▶ _SUPPLIED INFORMATION_:
- - - - - - -

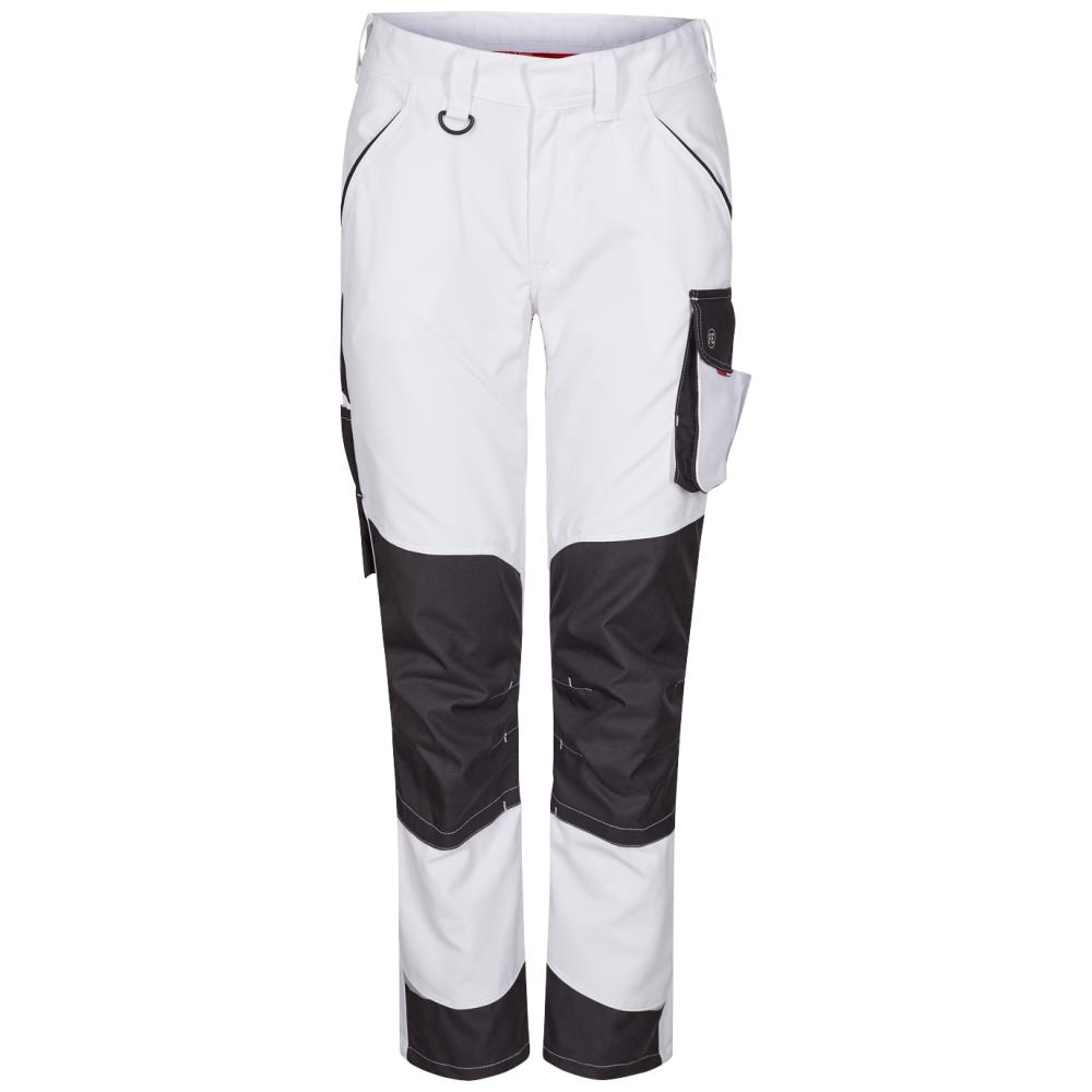Arbejdsbuks designet til kvinder, da pasformen er konstrueret til at tilgodese de kvindelige former. Ergonomisk formet knæparti og panel i indersøm, der giver en behagelig skridtsøm. Elastik i taljen bagpå sikrer god og komfortabel pasform og gør, at buksen bliver, hvor den skal. To rummelige skrålommer foran. Strop med D-ring til fæstning af f.eks. Id-kort foran. To baglommer med klap og velcrolukning. Lårlomme med lynlåslomme til f.eks. mobiltelefon samt ekstra mindre lomme. Lårlommen har box-effekt, hvilket gør den meget rummelig og endvidere har den løsthængende bund for øget bevægelighed. Tommestoklomme med ekstra inddelinger og forstærket bund. Også tommestoklommen har frithængende bund for øget bevægelighed. Knæforstærkning/knælomme med velcrolukning forneden samt to indstillingsmuligheder til knæpude. Forstærkning i bunden af buksebenene både bagpå og foran for ekstra slidstyrke. Reflekser ved knæ bagpå og nederst på buksebenene for øget synlighed. Egnet til industrivask. Oeko Tex. Fås i flere farver og størrelser.
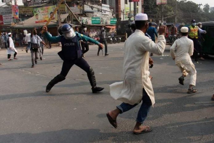 জানা গেছে, জুমার নামাজের পর মুসল্লিদের একটি দল মিছিল বের করে। এক পর্যায়ে মিছিলটি বায়তুল মোকাররম থেকে পল্টনের দিকে এলে আগে থেকে অবস্থান নেয়া পুলিশ বাধা দেয়। এ সময় দুই পক্ষের মধ্যে ব্যাপক উত্তেজনার সৃষ্টি হয়। পুলিশের বাধা উপেক্ষা করে মুসল্লিরা মিছিল নিয়ে এগিয়ে যাওয়ার চেষ্টা করে। এসময় পুলিশ তাদের ওপর লাঠিচার্জ করে। মুসল্লিরাও ইট পাটকেল ছোঁড়ে।
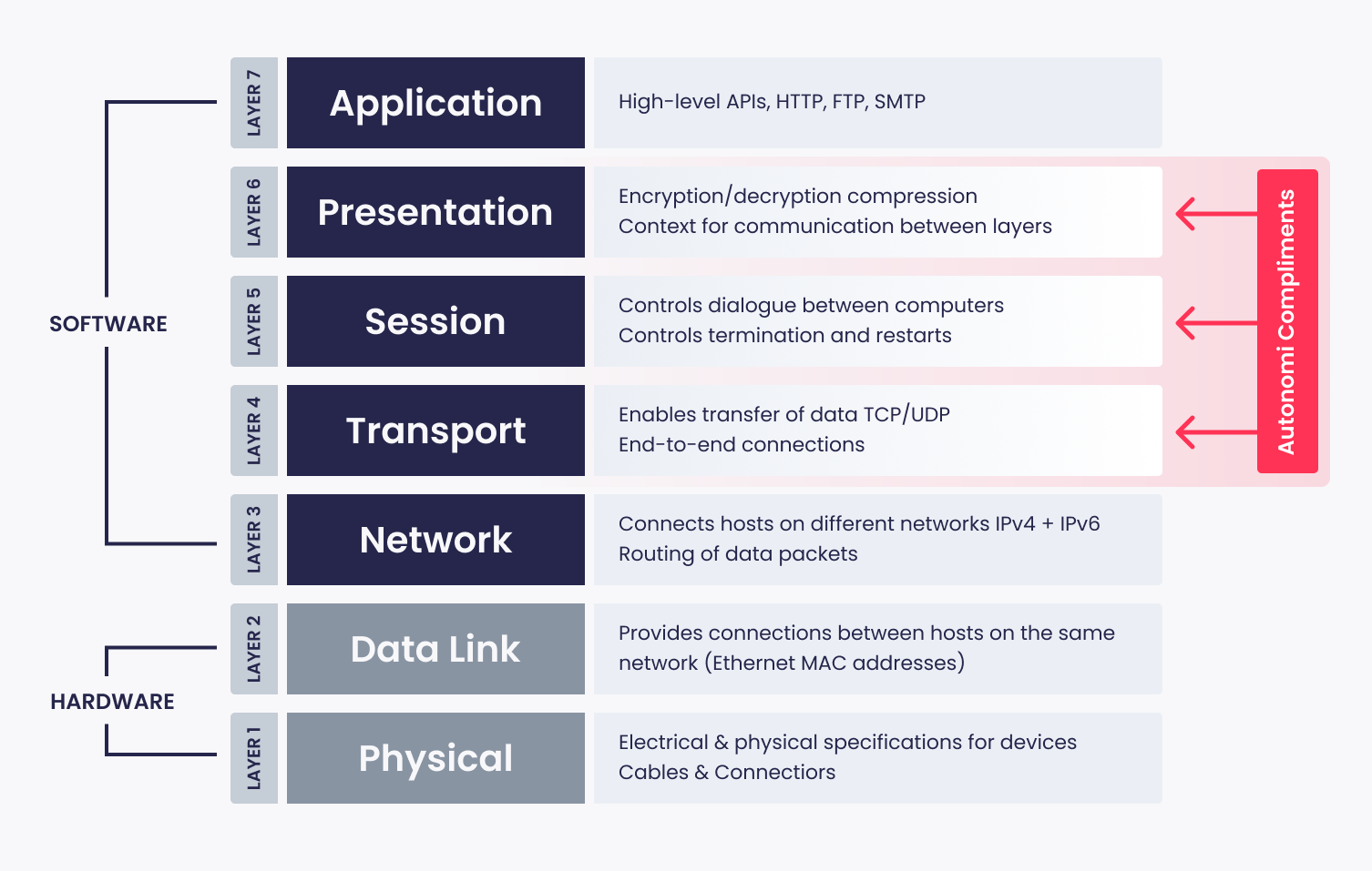 <figure><img src="https://content.gitbook.com/content/IpImJ7Nsy0X1C9wYuy6V/blobs/C61Duutm6Nlt5a7eoEsQ/Network%20Layers%20&#x26;%20Autonomi.png" alt=""><figcaption><p>Autonomi compliments three of the seven networking layers in the OSI model for improved security, privacy and autonomy</p></figcaption></figure>

- - - - - - -

▶ _WORK TASK_: Leave the pictures out, and print every line of the listing exactly as written.

▶ _RESULT OF THE TASK_:
Arbejdsbuks designet til kvinder, da pasformen er konstrueret til at tilgodese de kvindelige former. Ergonomisk formet knæparti og panel i indersøm, der giver en behagelig skridtsøm. Elastik i taljen bagpå sikrer god og komfortabel pasform og gør, at buksen bliver, hvor den skal. To rummelige skrålommer foran. Strop med D-ring til fæstning af f.eks. Id-kort foran. To baglommer med klap og velcrolukning. Lårlomme med lynlåslomme til f.eks. mobiltelefon samt ekstra mindre lomme. Lårlommen har box-effekt, hvilket gør den meget rummelig og endvidere har den løsthængende bund for øget bevægelighed. Tommestoklomme med ekstra inddelinger og forstærket bund. Også tommestoklommen har frithængende bund for øget bevægelighed. Knæforstærkning/knælomme med velcrolukning forneden samt to indstillingsmuligheder til knæpude. Forstærkning i bunden af buksebenene både bagpå og foran for ekstra slidstyrke. Reflekser ved knæ bagpå og nederst på buksebenene for øget synlighed. Egnet til industrivask. Oeko Tex. Fås i flere farver og størrelser.
 জানা গেছে, জুমার নামাজের পর মুসল্লিদের একটি দল মিছিল বের করে। এক পর্যায়ে মিছিলটি বায়তুল মোকাররম থেকে পল্টনের দিকে এলে আগে থেকে অবস্থান নেয়া পুলিশ বাধা দেয়। এ সময় দুই পক্ষের মধ্যে ব্যাপক উত্তেজনার সৃষ্টি হয়। পুলিশের বাধা উপেক্ষা করে মুসল্লিরা মিছিল নিয়ে এগিয়ে যাওয়ার চেষ্টা করে। এসময় পুলিশ তাদের ওপর লাঠিচার্জ করে। মুসল্লিরাও ইট পাটকেল ছোঁড়ে।
 <figure><img src="https://content.gitbook.com/content/IpImJ7Nsy0X1C9wYuy6V/blobs/C61Duutm6Nlt5a7eoEsQ/Network%20Layers%20&#x26;%20Autonomi.png" alt=""><figcaption><p>Autonomi compliments three of the seven networking layers in the OSI model for improved security, privacy and autonomy</p></figcaption></figure>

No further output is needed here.